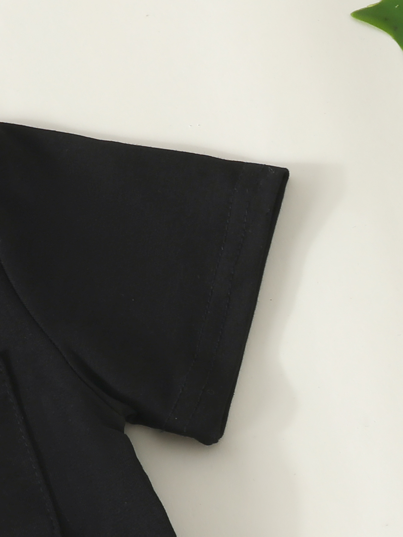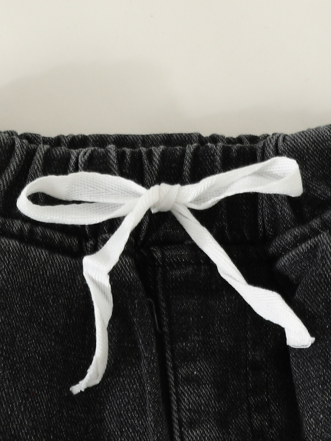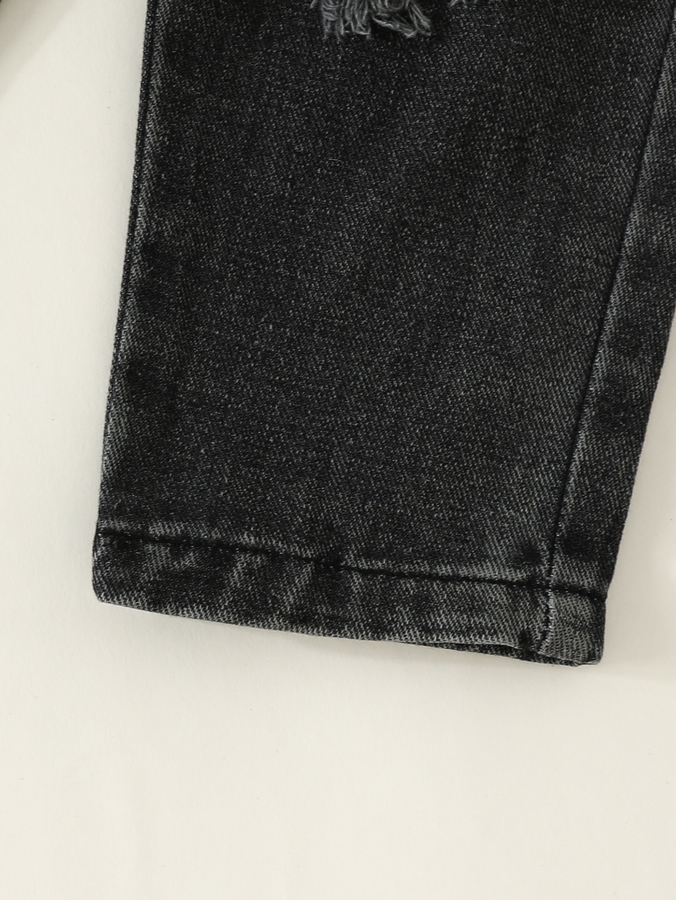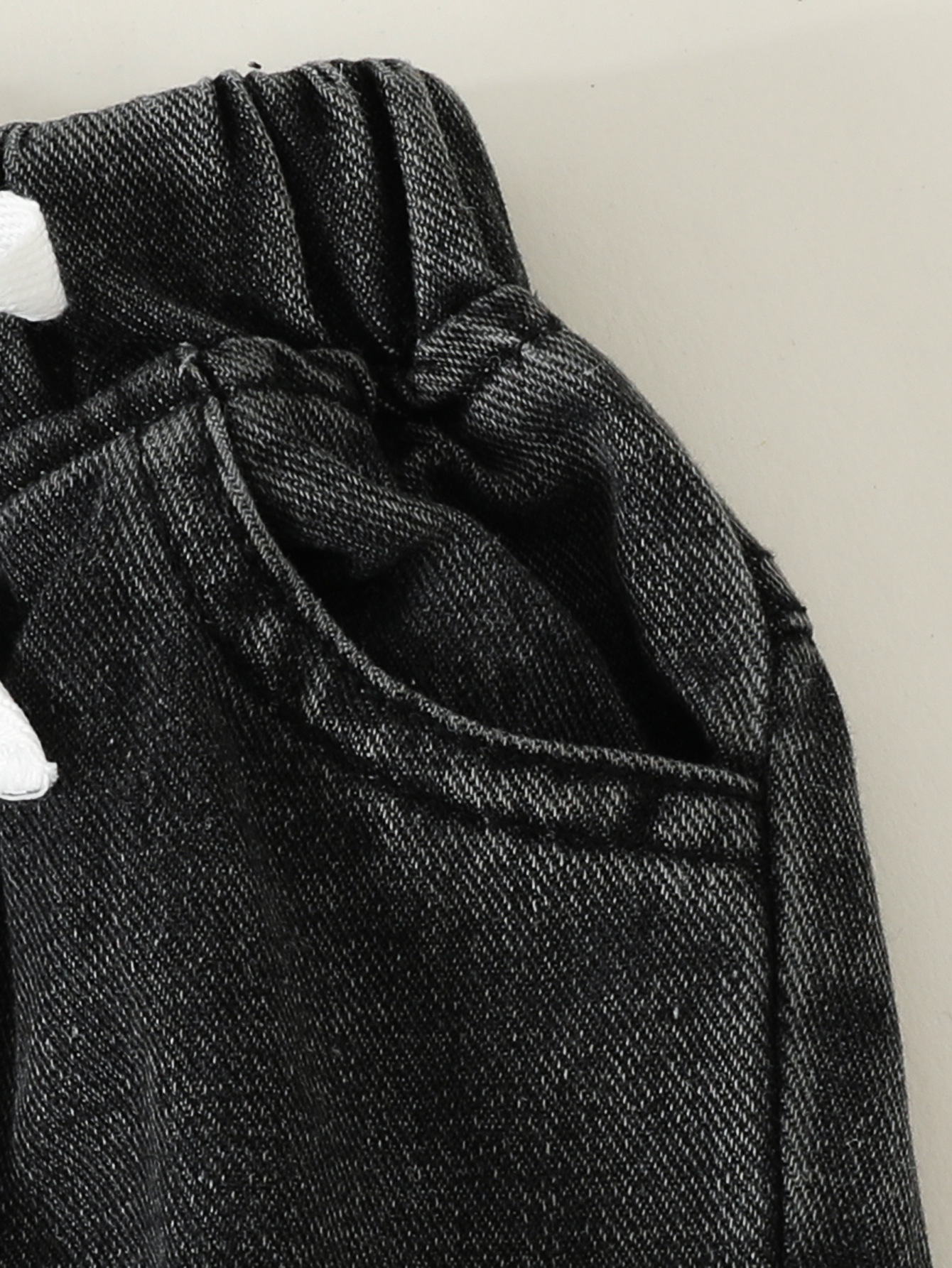 여름 소년 포켓 반팔 티셔츠 + 찢어진 검은색 데님 바지
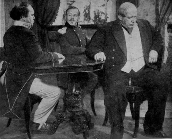 На нашу долю выпало счастье проводить репетиции планомернее и систематичнее других режиссеров. Конечно, помог наш театральный опыт и установленная искони театральная дисциплина. Полтора месяца мы репетировали ежедневно в две смены утром до 12 часов, вечером от 5-ти до 8-мн. За это время исполнители обрели свободу поведения, нашли характерность, примерно установили мизансцены. Работа была, конечно, подготовительной, условной, т. к. в дальнейшем, во время съемки, в соответствии с ее требованиями многое должно было измениться применительно к натуре, декорациям и т. д.
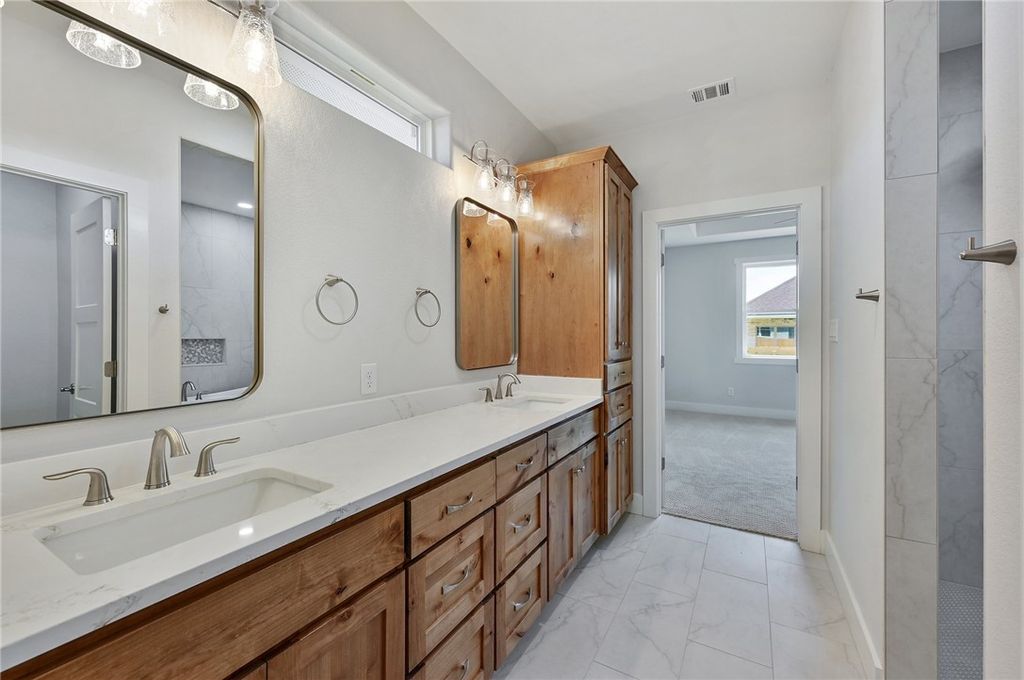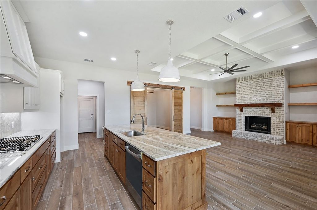 Nestled in the desirable Austin's Colony neighborhood, this well-appointed Creekview Custom Builders home offers 3 bedrooms, 2 bathrooms, and a dedicated study. Step inside to find an open-concept layout where wood-look tile flows seamlessly through the entry, living, kitchen, dining, and study. The kitchen is designed for everyday living and entertaining, featuring a spacious working island, large pantry, stainless steel appliances, and a gas range. The living room is anchored by a centered fireplace with built-in shelving, creating a warm and inviting focal point. Privately tucked at the back of the home, the primary suite offers a spa-inspired ensuite. The ensuite boasts dual sinks, a wet room with a stunning stand-alone soaking tub, a large walk-in shower, and a generous walk-in closet. Designer touches throughout include quartz countertops, modern lighting, and stained beams highlighting the entry and living area. Quality features include a 16 SEER HVAC system, tankless water heater, media panel, and pre-wired for security. Ask your REALTOR for the full list of upgrades. Builder offering $4,000 your way towards closing costs, rate buy down, or upgrades to the home. STOCK PHOTOS OF A HOME WITH THE SAME FLOORPLAN BEING USED. FINAL SELECTIONS WILL DIFFER FROM STOCK PHOTOS.
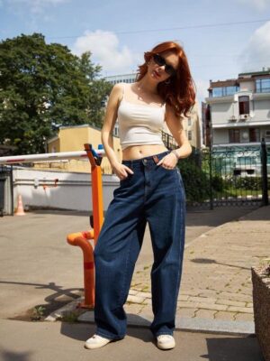 Обновите свой образ трендовыми женскими джинсами Baggy Fit! Эта модель — не просто джинсы, это смелый эксперимент с кроем и силуэтом.
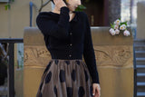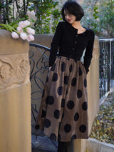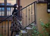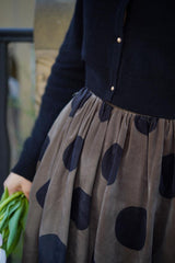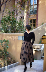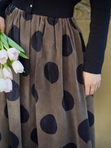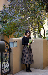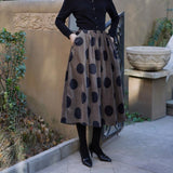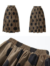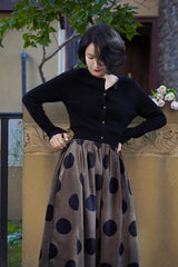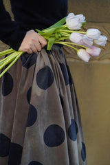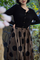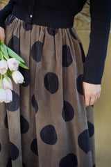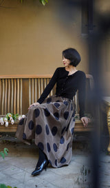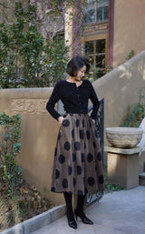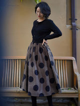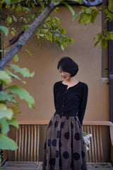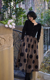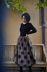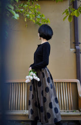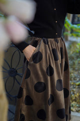 レトロな雰囲気を演出してくれる水玉模様のアンブレラスカート。エレガントな淑女を一層華やかに演出してくれるベルベットのアイテムです。ボリュームのあるスタイルながら、ふわっと広がるシルエットが美しい。ウエストの後ろ側はゴムになっています。

WORK ORDER — Once the pictures are removed, reproduce the remaining entries above exactly.

REPLY TO THE TASK —
 여름 소년 포켓 반팔 티셔츠 + 찢어진 검은색 데님 바지
 На нашу долю выпало счастье проводить репетиции планомернее и систематичнее других режиссеров. Конечно, помог наш театральный опыт и установленная искони театральная дисциплина. Полтора месяца мы репетировали ежедневно в две смены утром до 12 часов, вечером от 5-ти до 8-мн. За это время исполнители обрели свободу поведения, нашли характерность, примерно установили мизансцены. Работа была, конечно, подготовительной, условной, т. к. в дальнейшем, во время съемки, в соответствии с ее требованиями многое должно было измениться применительно к натуре, декорациям и т. д.
 Nestled in the desirable Austin's Colony neighborhood, this well-appointed Creekview Custom Builders home offers 3 bedrooms, 2 bathrooms, and a dedicated study. Step inside to find an open-concept layout where wood-look tile flows seamlessly through the entry, living, kitchen, dining, and study. The kitchen is designed for everyday living and entertaining, featuring a spacious working island, large pantry, stainless steel appliances, and a gas range. The living room is anchored by a centered fireplace with built-in shelving, creating a warm and inviting focal point. Privately tucked at the back of the home, the primary suite offers a spa-inspired ensuite. The ensuite boasts dual sinks, a wet room with a stunning stand-alone soaking tub, a large walk-in shower, and a generous walk-in closet. Designer touches throughout include quartz countertops, modern lighting, and stained beams highlighting the entry and living area. Quality features include a 16 SEER HVAC system, tankless water heater, media panel, and pre-wired for security. Ask your REALTOR for the full list of upgrades. Builder offering $4,000 your way towards closing costs, rate buy down, or upgrades to the home. STOCK PHOTOS OF A HOME WITH THE SAME FLOORPLAN BEING USED. FINAL SELECTIONS WILL DIFFER FROM STOCK PHOTOS.
 Обновите свой образ трендовыми женскими джинсами Baggy Fit! Эта модель — не просто джинсы, это смелый эксперимент с кроем и силуэтом.
 レトロな雰囲気を演出してくれる水玉模様のアンブレラスカート。エレガントな淑女を一層華やかに演出してくれるベルベットのアイテムです。ボリュームのあるスタイルながら、ふわっと広がるシルエットが美しい。ウエストの後ろ側はゴムになっています。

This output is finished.